COS 167-6 - Automating tropical pollen analysis using layered machine learning

Thursday, August 9, 2012: 3:20 PM
B117, Oregon Convention Center

ABSTRACT WITHDRAWN

Surangi W. Punyasena, University of Illinois; David K. Tcheng, University of Illinois/National Center for Supercomputing Applications; Derek S. Haselhorst, University of Illinois

Background/Question/Methods

Contained within the fossil pollen and spore record is one of the most comprehensive histories of terrestrial vegetation and its response to long-term environmental change. However, the inefficiencies inherent in the traditional collection of palynological data has meant that this record remains one of the few areas of scientific inquiry where automated data acquisition and image analysis have made little headway. Because of the higher taxonomic diversity and more limited number of experts, the difficulty of palynological data collection has caused tropical palynology, in particular, to lag behind temperate communities in the development of large spatial and long temporal pollen datasets.

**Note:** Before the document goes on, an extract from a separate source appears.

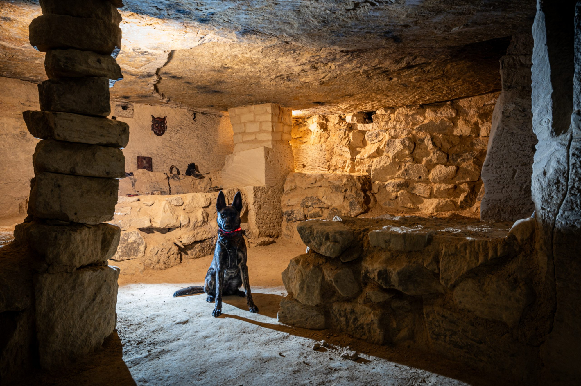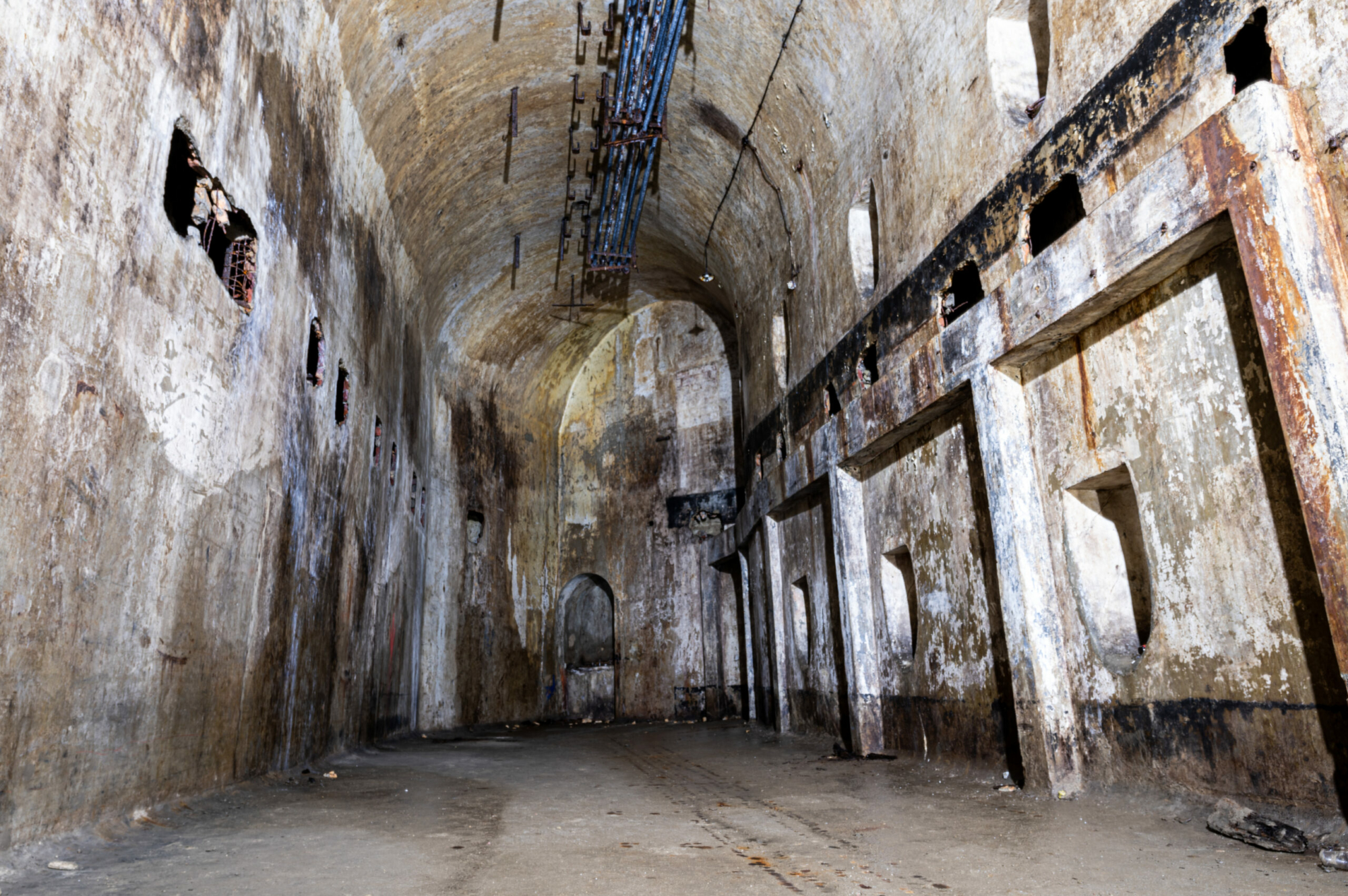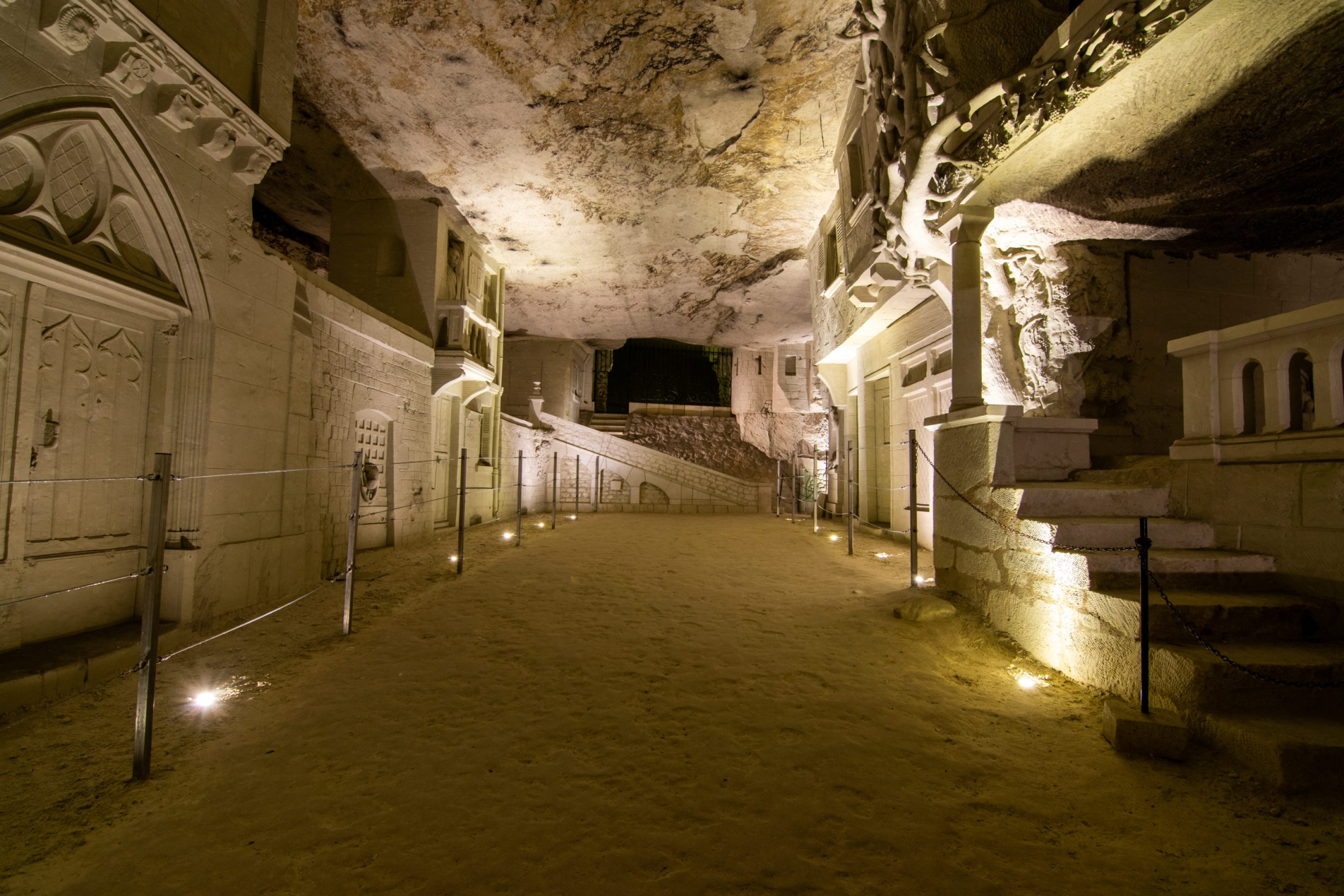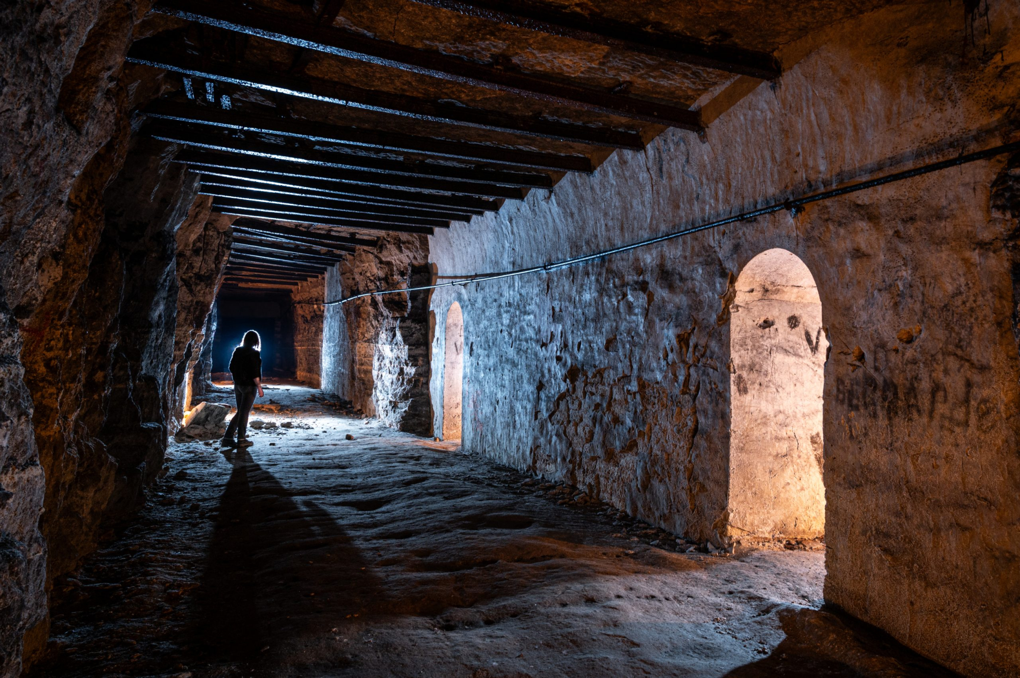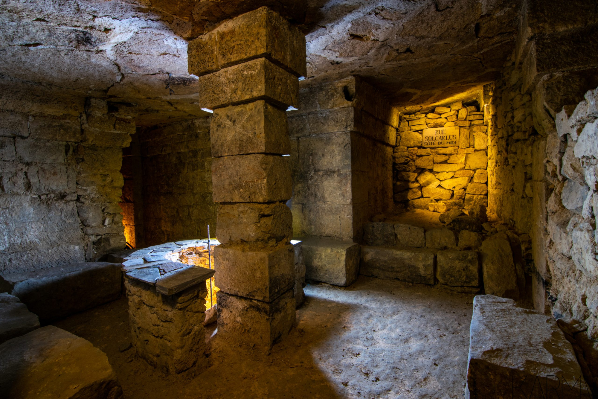 Piliers écaillés dans cette champignonnière. La surexploitation des sols cumulées à la surcharge des terrains de surface font flamber les piliers de masse de la carrière. Déjà très fragilisée par un premier effondrement en 1963 puis un second en 2001. C'est maintenant plus qu'une question de temps avant que cette zone se referme sur elle-même.

In order to address the problem of data collection and data availability for tropical systems, we present a radical alternative to traditional palynological counts – an automated counting system capable of dealing with high-diversity pollen samples. Our instance-based machine learning system employs full bias optimization, plus a two-tiered cross-validation to address the problem of overfitting common to machine learning studies. This high-throughput system is being developed and tested using 18 years of pollen rain samples from Barro Colorado Island (BCI) and Parque National San Lorenzo, Panama. Our preliminary trials focus on 76 BCI pollen samples collected between 1996-2005.

 

Results/Conclusions

Although this research is ongoing, there are some key preliminary findings that we can present at this time. First, in a smaller related analysis of five temperate modern taxa, our machine-based classification system was able to achieve 93% accuracy in identifications, based on a 641-fold cross-validation. Second, in scaling up our analysis, we have developed a customized image analysis system that takes advantage of commercial scanning microscopes to produce high-resolution images of palynological slides. There is an enormous amount of image data in these scans, with a single slide averaging ~500 GB of information. Our current preliminary trials are of 50 randomly subsampled images from our 76 samples. Using these images, we have established the range of variability in human expert identifications (based on seven participants), and demonstrate that the range of machine uncertainty falls within that range.

The use of machine-based classifications has the potential to advance the quantity and quality of tropical palynological research by providing objective measures of the consistency and reliability of palynological identifications. Although preliminary, our results demonstrate that automation is a feasible and desirable alternative to standard counting practices – particularly in the case of high diversity samples.